I trust everyone had a good Christmas. We did in the Oilpressure household. We got great personal news on Dec 22, which made it a great Christmas. All of the gifts we opened on Christmas Day were simply a bonus. Susan and I had a Zoom meeting with the surgeon at the University of Louisville that specializes in the NanoKnife procedure. The U of L is a leading center in the US for NanoKnife technology. The surgeon has reviewed all of her scans, lab work and records and says she is an excellent candidate for the procedure. We will travel to Louisville on Feb 1, and she will have the surgery on Wednesday Feb 3.

Keeping my priorities in order, I asked if she would still be able to go to Barber on Apr 11, and he said she should be able to. She will start radiation therapy in May. That will slightly alter our Friday schedules at IMS, but she should be able to travel each weekend and be in attendance each weekend. That is assuming that there will be a semi-normal Month of May.

Once we had Plan B in place and got dates set, Susan’s spirits rose tremendously. To get that kind of news just before Christmas was incredible. So, yes – we had a very nice Christmas.

Unfortunately, we race fans got some troubling news just a few days before the new year. IndyCar driver John Paul, Jr. lost his twenty-year battle with Huntington’s Disease – an inherited neurological disease, with symptoms similar to Parkinson’s Disease. Paul’s mother, grandmother aunt and sister died of the disease, and Paul passed away last Tuesday night at the age of sixty – an age that is getting younger all the time.

Most likely, you didn’t see any mention of Paul’s death on ESPN or any national news site. It got the expected coverage on most of the racing outlets, but I’m willing to bet that there are a lot of newer fans or more casual fans that have no idea who John Paul, Jr. was and what an example of perseverance his story became.

In the early eighties, John Paul, Jr. was known primarily as a sports car driver. He won the overall title at the 24 Hours of Daytona twice, as well as the 12 Hours of Sebring. In 1982, he became the youngest IMSA GT champion at the age of twenty-two.

Al Unser, Jr convinced John Paul, Jr to give IndyCar a try. He joined Rudy van der Straten’s racing team for the 1983 CART season. He crashed in practice for the 1983 Indianapolis 500 and failed to qualify, but he had five Top-Five finishes in a thirteen-race season, including winning at the Michigan 500 – finishing eighth in points.
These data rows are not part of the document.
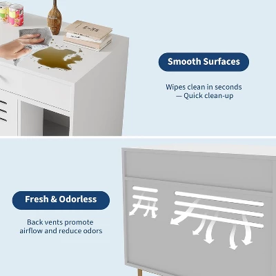 Keep your home clean and stylish with this white wooden cat litter box enclosure. Featuring a barn door design, this hidden litter box cover keeps odors and mess discreetly contained while blending seamlessly with your home décor. The spacious interior fits most litter boxes, while the enclosed design provides privacy and comfort for your cat. Versatile and functional, it can also be used as a nightstand, end table, or accent cabinet. Built from durable engineered wood, this cat washroom cabinet is sturdy, pet-friendly, and designed to enhance both your cat’s comfort and your living space. Overall size: 31.5”W x 19.7”D x 26.2”H.
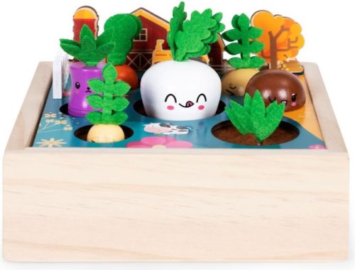 bezpečné dřevěné provedení, otevírací víko pro snadné skladování, součástí víka je panorama farmy, podpora manuální dovednosti a znalosti o zelenině.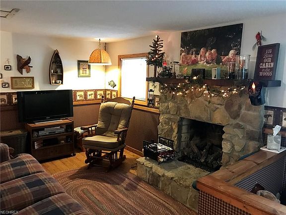 Grab your cocoa and snuggle up in front of the fireplace. This home's warm and cozy feeling is felt the moment you enter the screened in porch. The living room and kitchen offer an open concept layout.The hardwood pine floors flow throughout the home.The kitchen provides ample cupboard space and all appliances. This home has 3 but possible 4 bedrooms.Outside you will find a large storage shed under the home with plenty of room for the kayak, golf cart and canoe. Make memories in the playhouse outside or take a walk to the lake where you can enjoy your own dock space. This home comes with everything from beds, dressers, couch ..etc. a complete turn key. Leesville lake is 9.9hp lake with ample fishing and plenty of public hunting.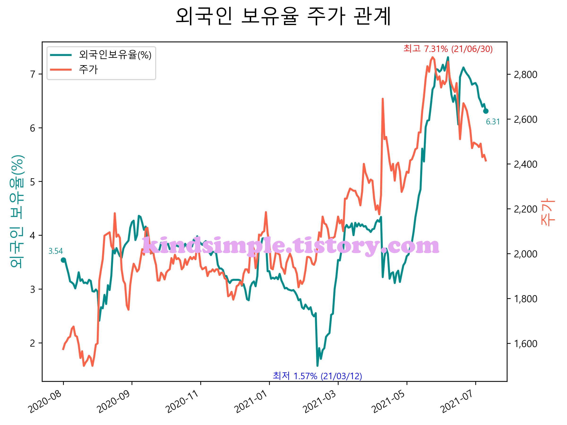 최근 1년간 외국인 보유율 및 주가와의 관계입니다.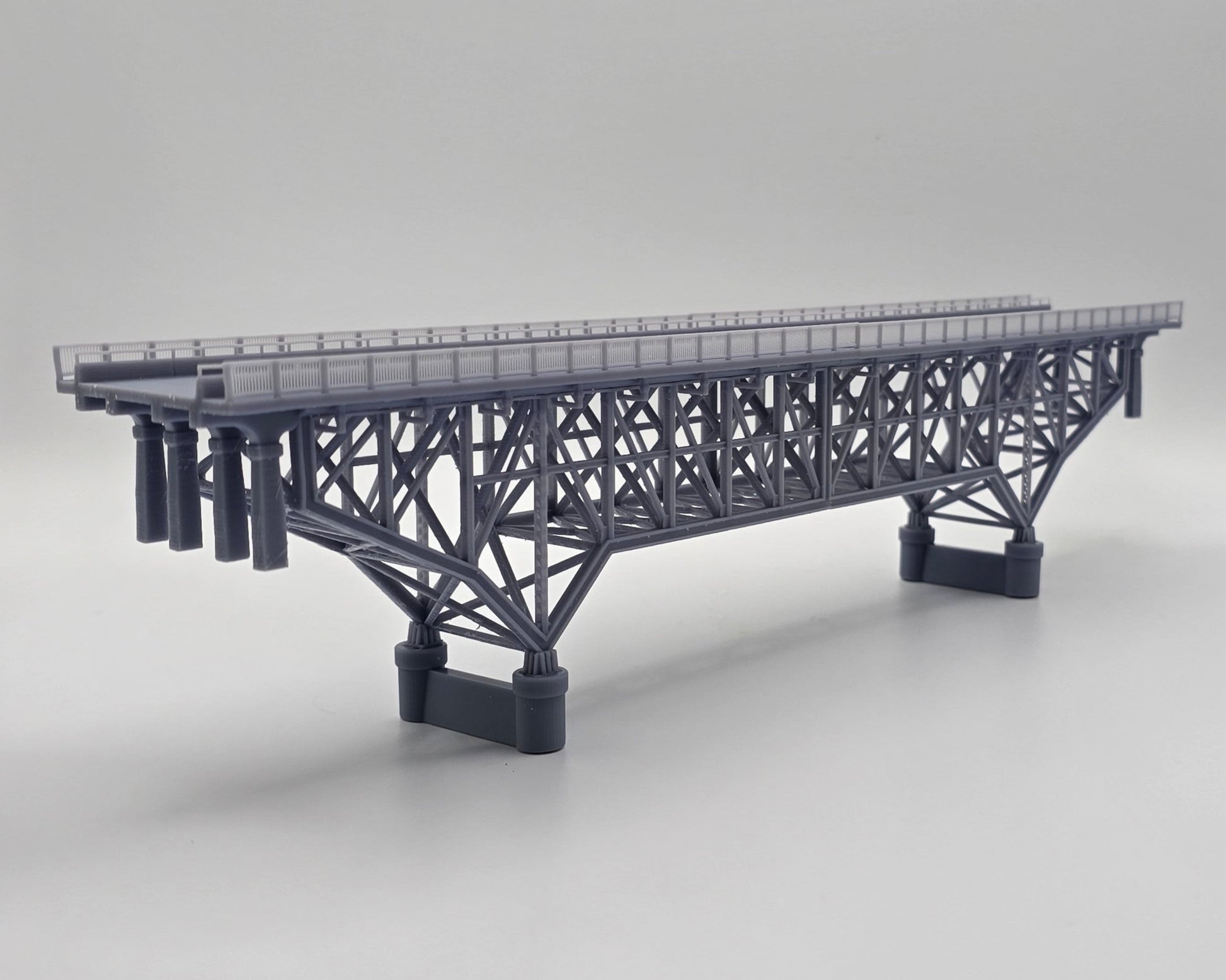 This highly detailed N scale (1:160) bridge model is inspired by the real Yellowstone River crossing in Gardiner, Montana. Perfect for adding realism and depth to your model railroad layout.

But life wasn’t all roses for John Paul, Jr. The talented racer was lured into criminal activity by his own father, John Paul, Sr. That criminal activity included drug smuggling, for which Paul, Jr. spent two and a half years in prison beginning in 1986. He was charged with racketeering and refused to testify against his father; who served a fifteen year prison sentence for drug trafficking and shooting a federal agent. John Paul, Sr disappeared in 2001, while being sought for questioning in the disappearance of his ex-girlfriend. So far, the whereabouts of Paul, Sr. remain unknown. Needless to say, the elder John Paul did not provide a suitable father figure for John Paul, Jr.

Spending two and a half years in a federal prison does not make racing teams and sponsors rush to sign you as soon as you are available. John Paul, Jr. did not drive in another IndyCar race until the 1989 season, when he drove for three different teams in a journeyman role. He entered three races for DB Mann, but only qualified for one – the Detroit Grand Prix, when it was still run downtown, and he finished nineteenth. He drove at Cleveland and the Meadowlands for Tony Bettenhausen, finishing sixteenth and twenty-first respectively – before failing to qualify at Michigan for Dale Coyne.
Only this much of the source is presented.